ASSIGNED TASK —
Repeat every line below exactly as it reads.

### RECORDED INFORMATION

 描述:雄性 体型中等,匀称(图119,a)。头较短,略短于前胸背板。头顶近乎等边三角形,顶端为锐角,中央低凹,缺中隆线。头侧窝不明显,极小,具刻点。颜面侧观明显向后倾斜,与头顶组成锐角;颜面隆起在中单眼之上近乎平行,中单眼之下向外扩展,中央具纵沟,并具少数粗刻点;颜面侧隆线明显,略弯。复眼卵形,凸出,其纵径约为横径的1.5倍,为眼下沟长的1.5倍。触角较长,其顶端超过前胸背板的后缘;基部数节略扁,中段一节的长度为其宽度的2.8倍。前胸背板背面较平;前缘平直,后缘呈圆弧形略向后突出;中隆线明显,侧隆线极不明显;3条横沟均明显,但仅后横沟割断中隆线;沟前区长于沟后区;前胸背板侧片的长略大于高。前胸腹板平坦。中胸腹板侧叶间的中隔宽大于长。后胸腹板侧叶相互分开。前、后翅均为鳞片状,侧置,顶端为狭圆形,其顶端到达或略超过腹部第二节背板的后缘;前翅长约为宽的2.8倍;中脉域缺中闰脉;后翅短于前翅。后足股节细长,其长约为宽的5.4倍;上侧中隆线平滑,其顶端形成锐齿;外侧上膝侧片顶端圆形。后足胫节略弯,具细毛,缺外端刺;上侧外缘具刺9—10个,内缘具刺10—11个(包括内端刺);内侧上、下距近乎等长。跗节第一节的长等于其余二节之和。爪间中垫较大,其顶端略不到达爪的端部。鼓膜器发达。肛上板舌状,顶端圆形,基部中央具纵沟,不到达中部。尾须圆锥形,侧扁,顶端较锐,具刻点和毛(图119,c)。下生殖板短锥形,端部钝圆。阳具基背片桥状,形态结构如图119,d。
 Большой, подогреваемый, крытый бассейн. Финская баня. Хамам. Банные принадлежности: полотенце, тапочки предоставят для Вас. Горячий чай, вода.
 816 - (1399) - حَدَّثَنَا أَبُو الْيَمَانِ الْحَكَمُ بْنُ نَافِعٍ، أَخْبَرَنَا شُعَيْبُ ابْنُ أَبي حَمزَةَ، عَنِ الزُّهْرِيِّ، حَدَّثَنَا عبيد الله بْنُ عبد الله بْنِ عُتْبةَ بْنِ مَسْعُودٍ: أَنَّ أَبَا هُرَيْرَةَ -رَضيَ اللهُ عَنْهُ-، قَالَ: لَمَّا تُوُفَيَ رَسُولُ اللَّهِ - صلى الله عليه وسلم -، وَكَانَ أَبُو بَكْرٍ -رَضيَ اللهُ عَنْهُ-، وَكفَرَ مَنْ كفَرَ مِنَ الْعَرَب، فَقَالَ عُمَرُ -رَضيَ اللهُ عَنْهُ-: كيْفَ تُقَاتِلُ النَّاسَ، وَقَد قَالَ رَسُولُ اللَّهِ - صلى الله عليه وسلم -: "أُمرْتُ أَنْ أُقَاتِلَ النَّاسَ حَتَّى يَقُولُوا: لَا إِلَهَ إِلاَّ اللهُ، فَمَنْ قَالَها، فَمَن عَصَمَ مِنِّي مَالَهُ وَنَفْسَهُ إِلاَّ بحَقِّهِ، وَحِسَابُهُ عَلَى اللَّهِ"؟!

######

OUTPUT OF THE EXERCISE —
 描述:雄性 体型中等,匀称(图119,a)。头较短,略短于前胸背板。头顶近乎等边三角形,顶端为锐角,中央低凹,缺中隆线。头侧窝不明显,极小,具刻点。颜面侧观明显向后倾斜,与头顶组成锐角;颜面隆起在中单眼之上近乎平行,中单眼之下向外扩展,中央具纵沟,并具少数粗刻点;颜面侧隆线明显,略弯。复眼卵形,凸出,其纵径约为横径的1.5倍,为眼下沟长的1.5倍。触角较长,其顶端超过前胸背板的后缘;基部数节略扁,中段一节的长度为其宽度的2.8倍。前胸背板背面较平;前缘平直,后缘呈圆弧形略向后突出;中隆线明显,侧隆线极不明显;3条横沟均明显,但仅后横沟割断中隆线;沟前区长于沟后区;前胸背板侧片的长略大于高。前胸腹板平坦。中胸腹板侧叶间的中隔宽大于长。后胸腹板侧叶相互分开。前、后翅均为鳞片状,侧置,顶端为狭圆形,其顶端到达或略超过腹部第二节背板的后缘;前翅长约为宽的2.8倍;中脉域缺中闰脉;后翅短于前翅。后足股节细长,其长约为宽的5.4倍;上侧中隆线平滑,其顶端形成锐齿;外侧上膝侧片顶端圆形。后足胫节略弯,具细毛,缺外端刺;上侧外缘具刺9—10个,内缘具刺10—11个(包括内端刺);内侧上、下距近乎等长。跗节第一节的长等于其余二节之和。爪间中垫较大,其顶端略不到达爪的端部。鼓膜器发达。肛上板舌状,顶端圆形,基部中央具纵沟,不到达中部。尾须圆锥形,侧扁,顶端较锐,具刻点和毛(图119,c)。下生殖板短锥形,端部钝圆。阳具基背片桥状,形态结构如图119,d。
 Большой, подогреваемый, крытый бассейн. Финская баня. Хамам. Банные принадлежности: полотенце, тапочки предоставят для Вас. Горячий чай, вода.
 816 - (1399) - حَدَّثَنَا أَبُو الْيَمَانِ الْحَكَمُ بْنُ نَافِعٍ، أَخْبَرَنَا شُعَيْبُ ابْنُ أَبي حَمزَةَ، عَنِ الزُّهْرِيِّ، حَدَّثَنَا عبيد الله بْنُ عبد الله بْنِ عُتْبةَ بْنِ مَسْعُودٍ: أَنَّ أَبَا هُرَيْرَةَ -رَضيَ اللهُ عَنْهُ-، قَالَ: لَمَّا تُوُفَيَ رَسُولُ اللَّهِ - صلى الله عليه وسلم -، وَكَانَ أَبُو بَكْرٍ -رَضيَ اللهُ عَنْهُ-، وَكفَرَ مَنْ كفَرَ مِنَ الْعَرَب، فَقَالَ عُمَرُ -رَضيَ اللهُ عَنْهُ-: كيْفَ تُقَاتِلُ النَّاسَ، وَقَد قَالَ رَسُولُ اللَّهِ - صلى الله عليه وسلم -: "أُمرْتُ أَنْ أُقَاتِلَ النَّاسَ حَتَّى يَقُولُوا: لَا إِلَهَ إِلاَّ اللهُ، فَمَنْ قَالَها، فَمَن عَصَمَ مِنِّي مَالَهُ وَنَفْسَهُ إِلاَّ بحَقِّهِ، وَحِسَابُهُ عَلَى اللَّهِ"؟!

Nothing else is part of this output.